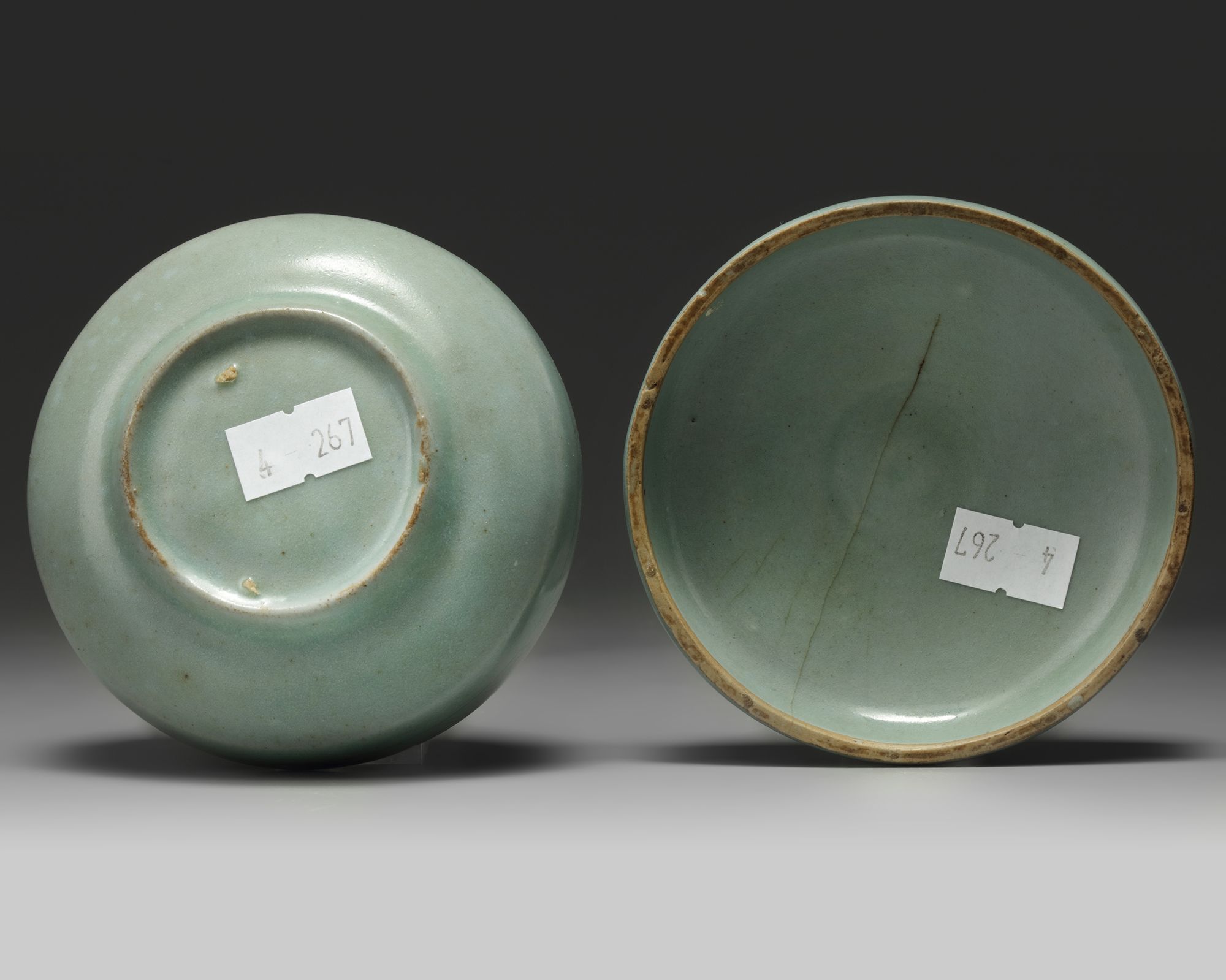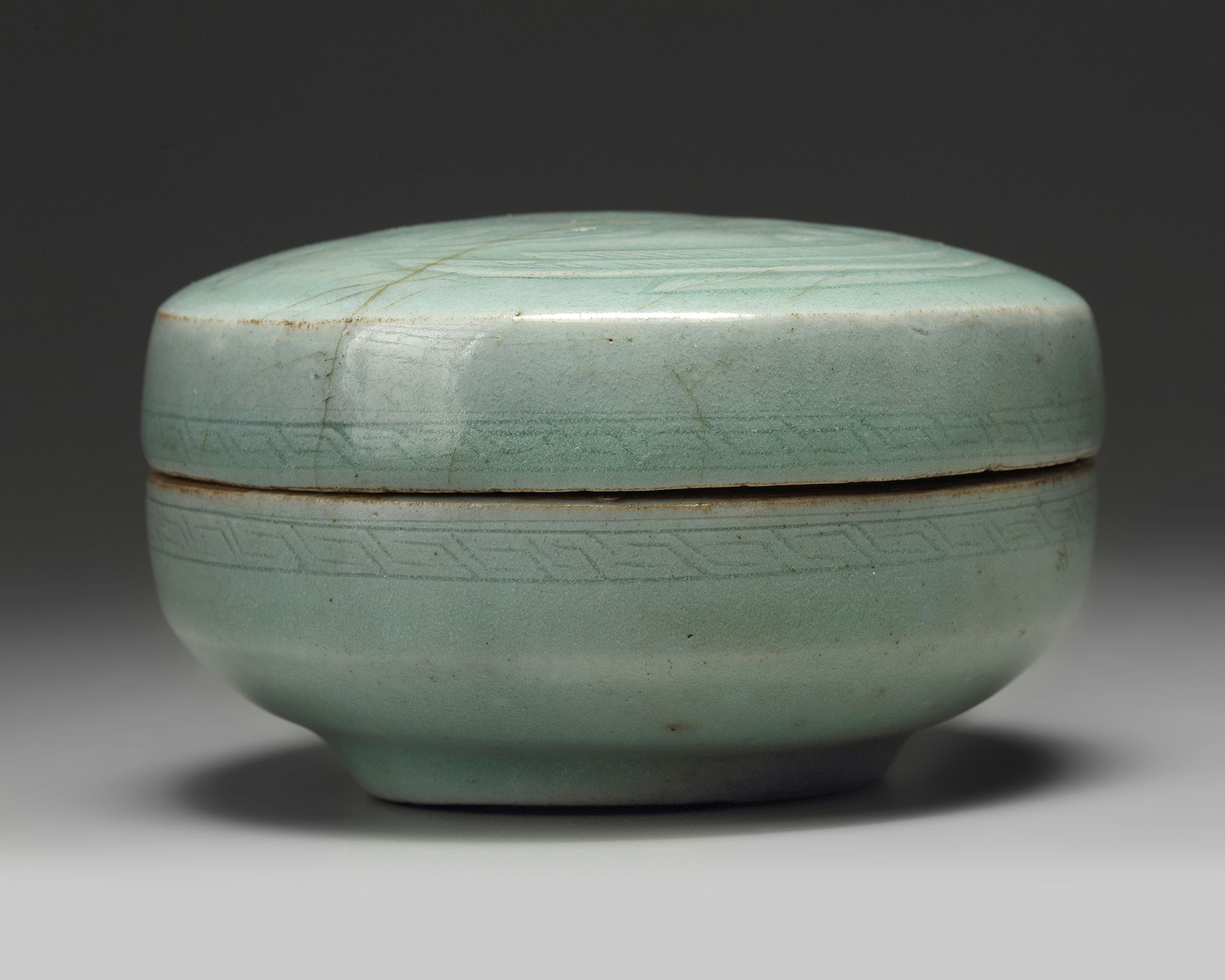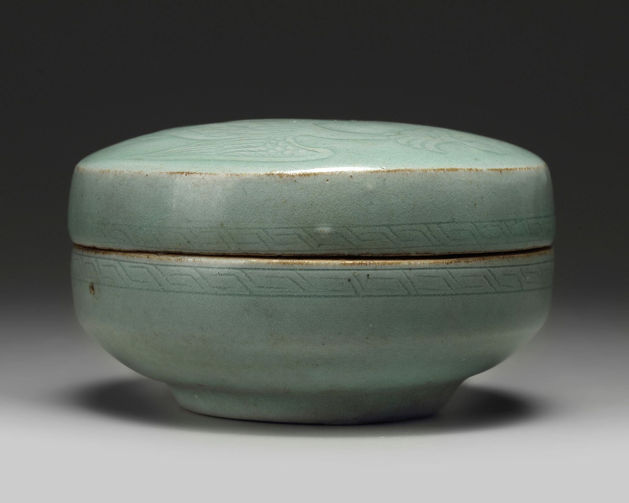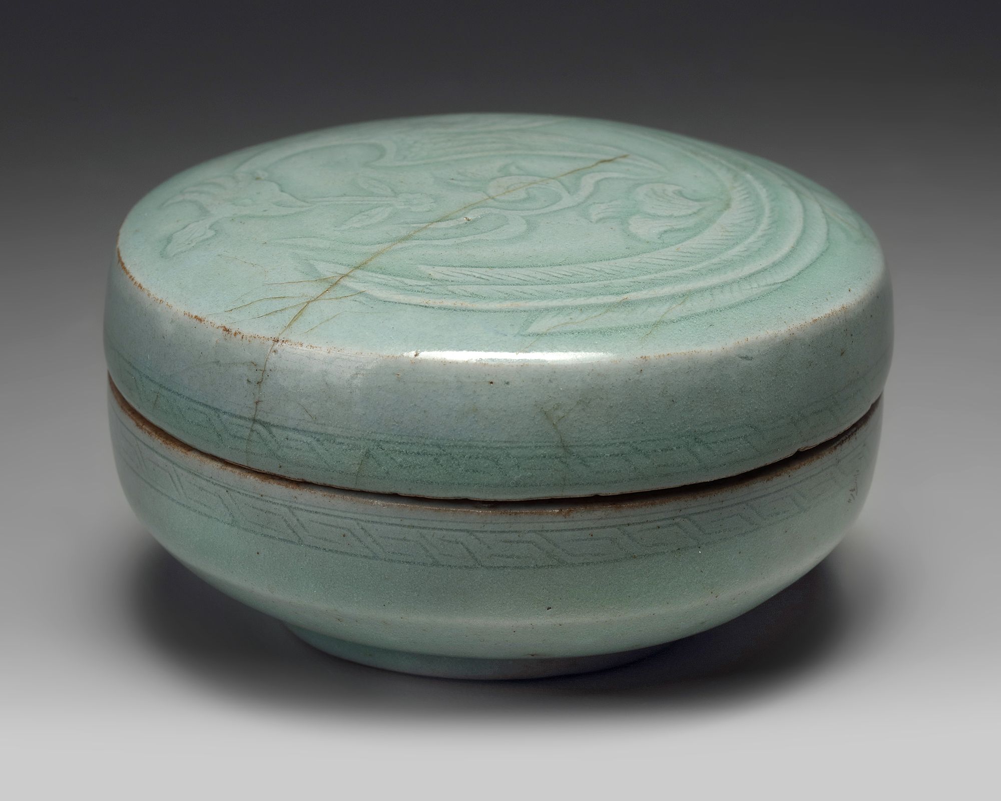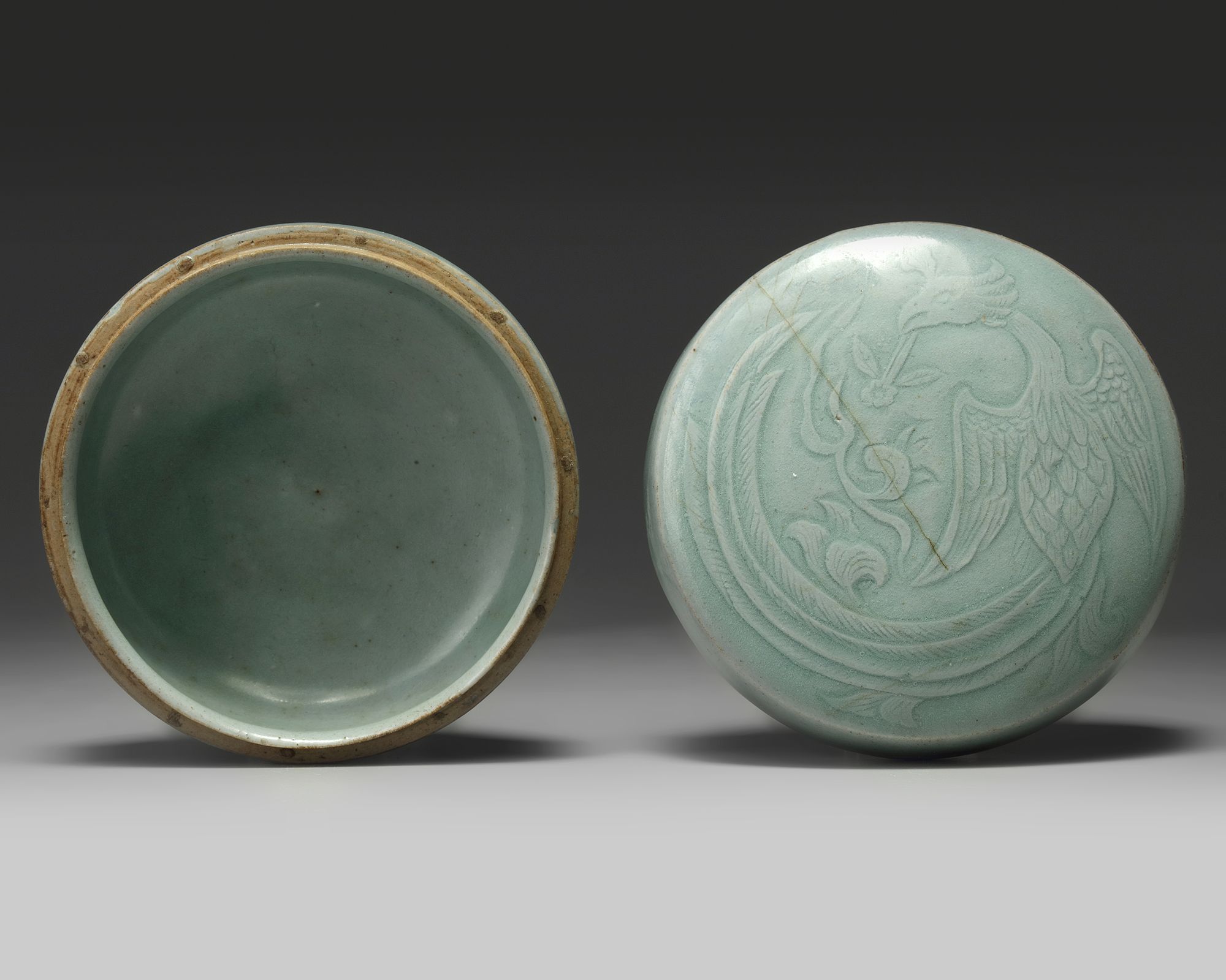 The upper surface of the cover is well-carved with a roundel of a phoenix holding a flower spray. The box is covered overall with a translucent bluish-celadon glaze suffused with fine crackles.
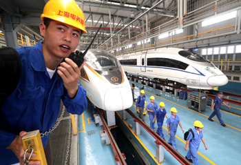 ??? 9月19日,技術(shù)保障人員進(jìn)入上海虹橋“復(fù)興號”動車檢修庫進(jìn)行相關(guān)作業(yè)。21日起,“復(fù)興號”動車組在京滬高鐵提速至350公里時速運(yùn)行。記者 陳飛 攝 |
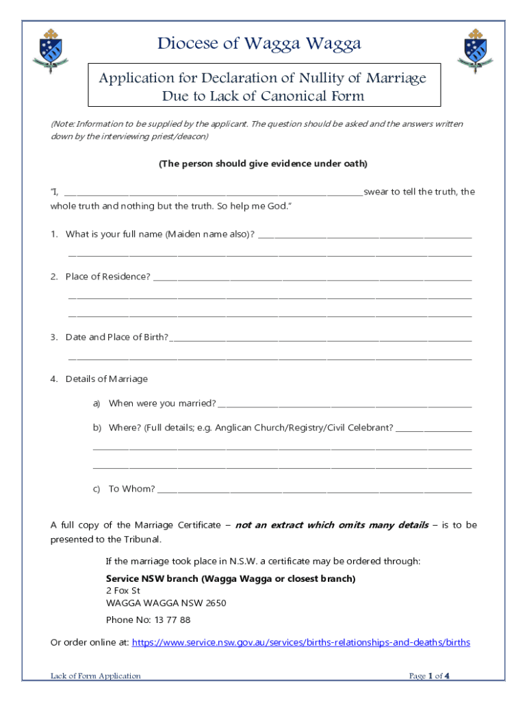 Diocese of Wagga Wagga Application for Declaration of Nullity of Marriage Due to Lack of Canonical Form (Note: Information to be supplied by the applicant. The question should be asked and the answers
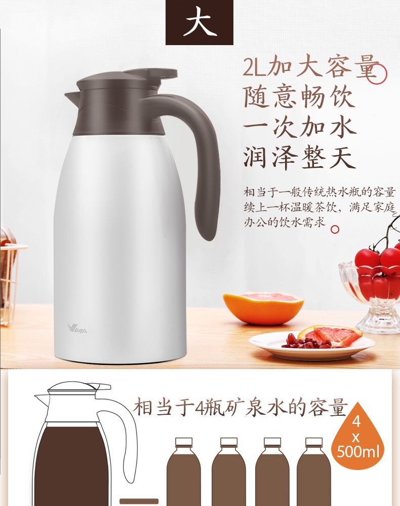 華亞保溫壺家 HK-2000本色 2L 不銹鋼暖水瓶保 單位:個(gè)

TASK ITEM:
Any picture in the material is to be dropped; the rest is repeated exactly.

TASK RESPONSE:
 The upper surface of the cover is well-carved with a roundel of a phoenix holding a flower spray. The box is covered overall with a translucent bluish-celadon glaze suffused with fine crackles.
 ??? 9月19日,技術(shù)保障人員進(jìn)入上海虹橋“復(fù)興號”動車檢修庫進(jìn)行相關(guān)作業(yè)。21日起,“復(fù)興號”動車組在京滬高鐵提速至350公里時速運(yùn)行。記者 陳飛 攝 |
 Diocese of Wagga Wagga Application for Declaration of Nullity of Marriage Due to Lack of Canonical Form (Note: Information to be supplied by the applicant. The question should be asked and the answers
 華亞保溫壺家 HK-2000本色 2L 不銹鋼暖水瓶保 單位:個(gè)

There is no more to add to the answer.